• **Work task**
The answer consists only of the lines from the beginning of the listing below to the line holding "フロントはジップ×スナップボ", inclusive, with every picture removed.

• **Dataset excerpt**
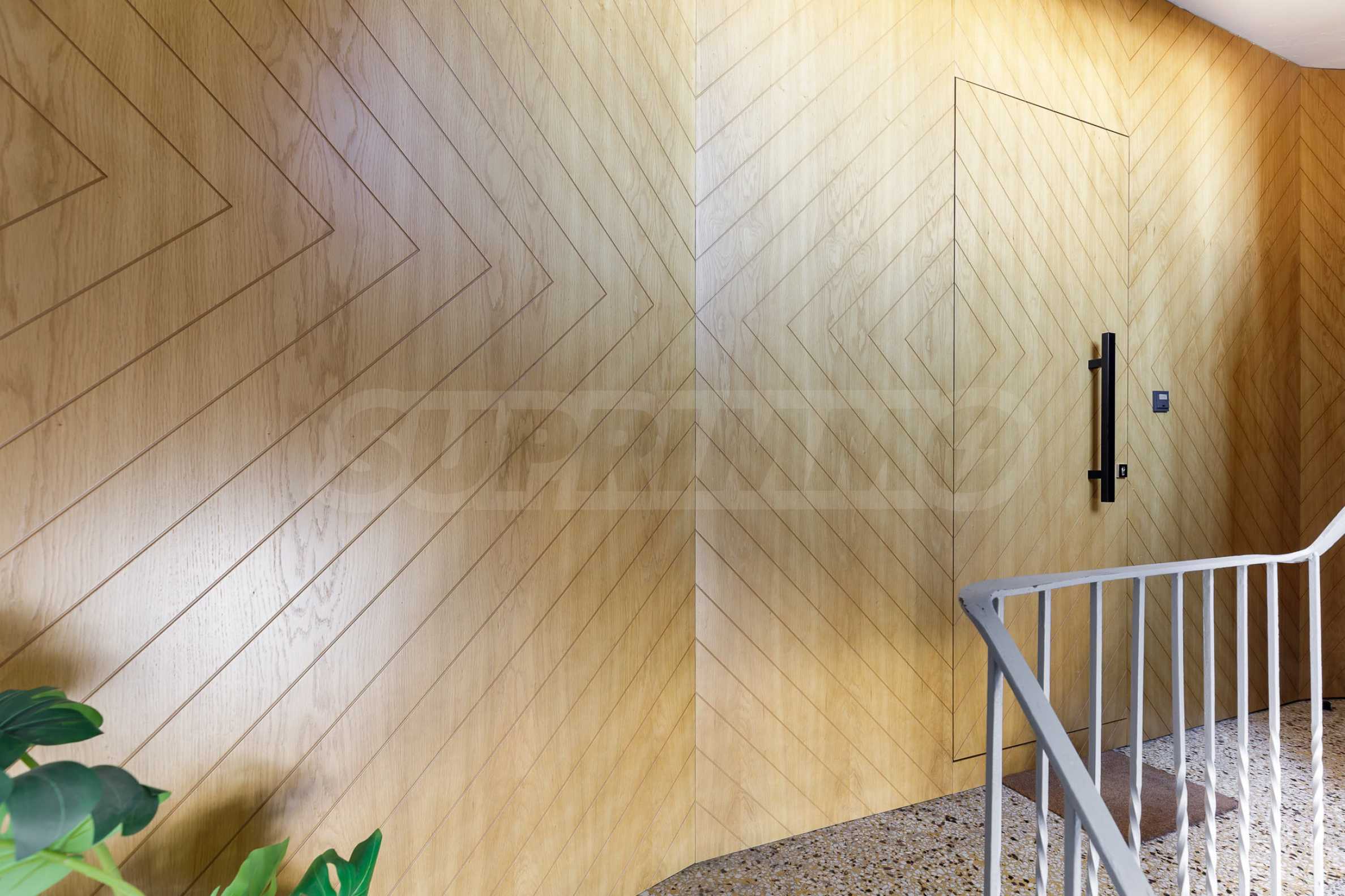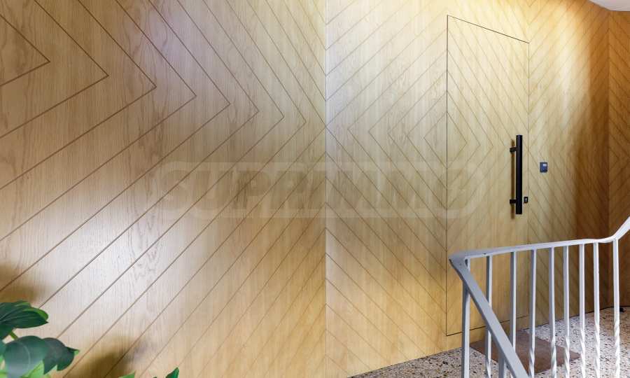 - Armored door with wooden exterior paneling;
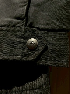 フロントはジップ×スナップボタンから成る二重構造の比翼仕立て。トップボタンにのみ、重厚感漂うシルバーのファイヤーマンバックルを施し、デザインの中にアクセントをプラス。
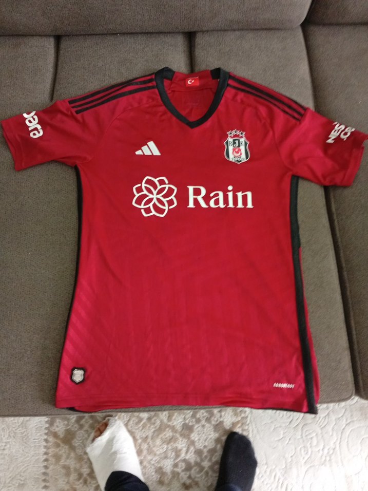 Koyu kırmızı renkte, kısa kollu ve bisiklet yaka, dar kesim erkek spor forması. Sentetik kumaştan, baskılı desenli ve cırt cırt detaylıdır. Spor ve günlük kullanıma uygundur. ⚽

• **Answer section**
 - Armored door with wooden exterior paneling;
 フロントはジップ×スナップボタンから成る二重構造の比翼仕立て。トップボタンにのみ、重厚感漂うシルバーのファイヤーマンバックルを施し、デザインの中にアクセントをプラス。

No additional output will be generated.